A friend of mine is learning C++ for the first time, and sent me this snippet:
int foo[] = { 3, 38, 38, 0, 19, 21, 3, 11, 19, 42 }; char bar[] = " abcdefghijklmnopqrstuvwxyz01234567890+-,.!?-_"; for (int i = 0; i < 10; ++i) { std::cout << foo[i][bar]; }
At a glance, I told him it won't work - I thought it wouldn't compile, or would at least result in an access violation, as foo
isn't a two-dimensional array, to which he replied that it does.
I tried for myself, and to my surprise, the snippet ran perfectly fine. The question is: why?
According to logic, common sense and good practice, the syntax should be bar[foo[i]]
.
I'm ashamed to admit that I have no idea what's going on. What makes foo[i][bar]
valid syntax in this case?
In simplistic terms, the access of an array element in C (and in C++, when []

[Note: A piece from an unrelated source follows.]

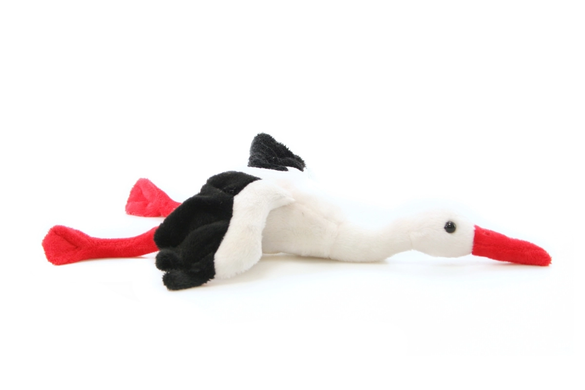 Този качествен плюшен щъркел впечатлява с реалистичния си вид и меката изработка. Дългите крака и характерният клюн стимулират детското въображение по време на игра и служат като приятен тактилен стимул. Благодарение на компактните размери е идеален за път, за количка и за леглото.

isn't overloaded) is as follows:
x[i] = *(x + i)
So, with this and a little bit of arithmetic...
foo[i][bar] = (foo[i])[bar] = (*(foo + i))[bar] = *((*(foo + i)) + bar) = *(bar + (*(foo + i))) = bar[*(foo + i)] = bar[foo[i]]
Don't use this "fact" though. As you've seen, it makes the code unreadable, and unreadable code is unmaintainable.